Krittivas Mukherjee and Pete Harrison, Reuters 16 Dec 09;
COPENHAGEN (Reuters) - Environment ministers faced grueling negotiations on Thursday, to salvage a climate pact from half-finished draft texts after two years of talks ran out of time.
Dozens of heads of state are descending on Copenhagen to address the Dec 7-18 conference, hoping to sign on Friday a new pact to tackle global warming.
They will find draft texts littered with incomplete choices, exposing long-running rifts between rich and poor countries on how to split the cost of fighting climate change.
Some ministers warned that slow, often stalled talks during the summit meant it was staring at failure.

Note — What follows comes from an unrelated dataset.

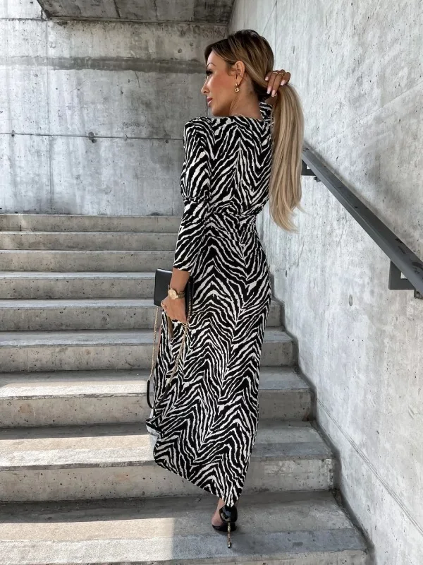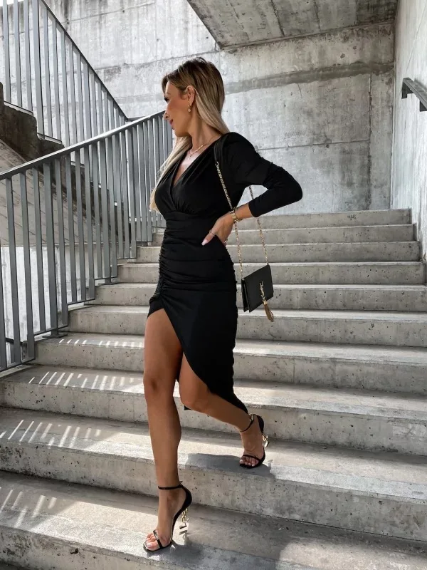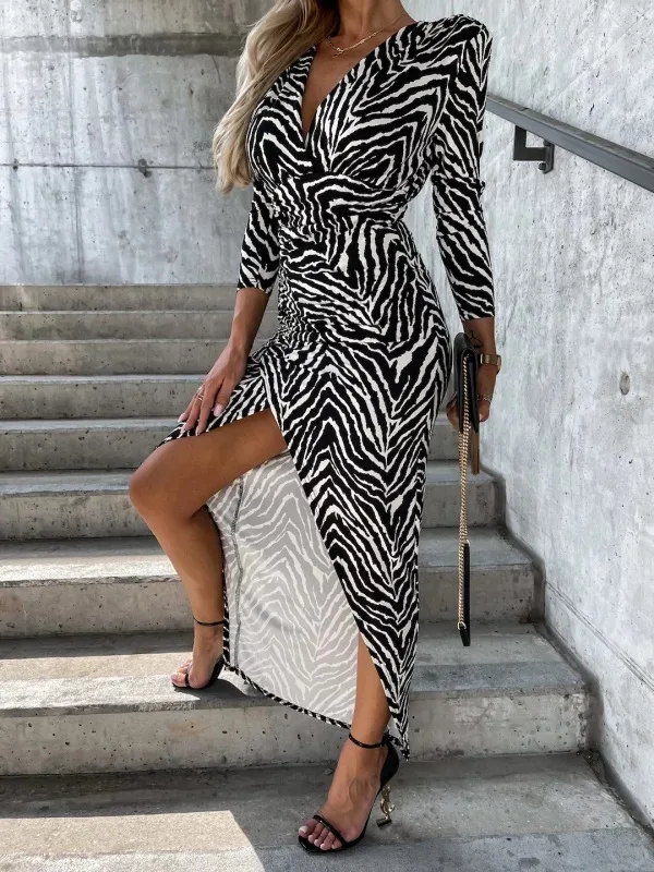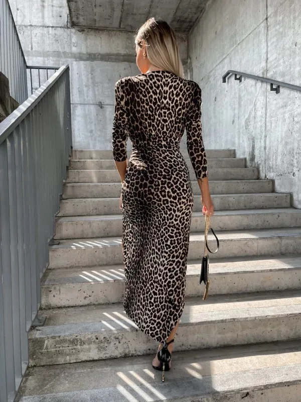 2022 Ladies Long Sleeve Leopard Print Slim Dress Women Sexy High Split Irregular Maxi Dresses Elegant Party Dress Vestido Negro

"We may not get there on the substance, it is quite possible we'll fail on the substance, but at least let's give it a try," said Britain's energy and climate minister Ed Miliband.
"At the moment the problem is we're not giving it a try."

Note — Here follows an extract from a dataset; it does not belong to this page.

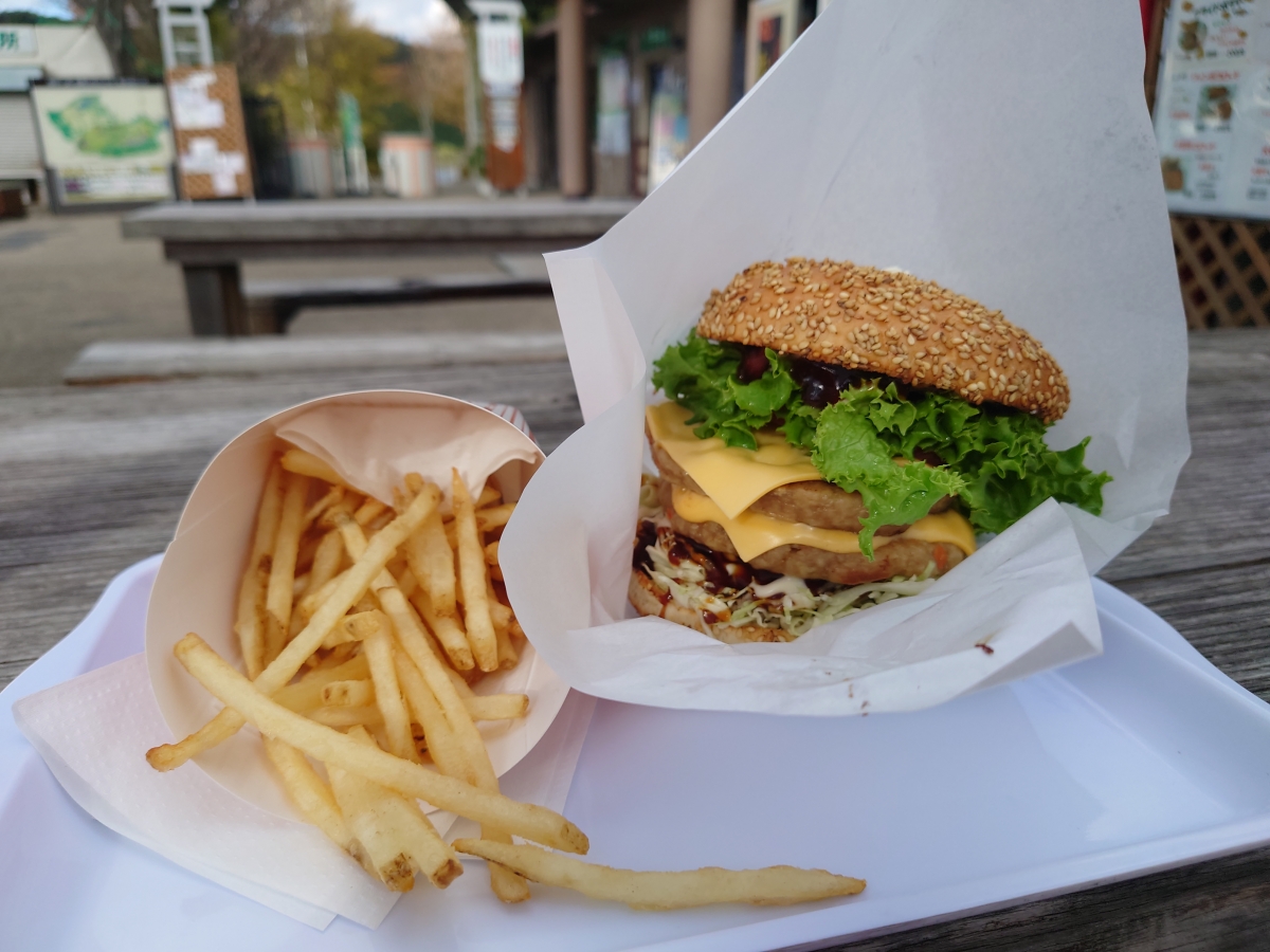 牧場がありそこで飼育した鶏を使ったハンバーガーです。

Denmark said it was trying to simplify several complex draft negotiating texts to help about 120 leaders attending a high-level summit on Thursday and Friday to agree on a deal.
Access to the conference center, which until now has been bustling with activists, lobbyists and journalists, will be tightened to protect more than 120 heads of government.
Speakers are lined up to address the summit until the small hours of the morning, and the day is packed with political heavyweights including Iranian President Mahmoud Ahmadinejad, Germany's Chancellor Angela Merkel, Brazilian President Luiz Inacio Lula de Silva and French President Nicolas Sarkozy.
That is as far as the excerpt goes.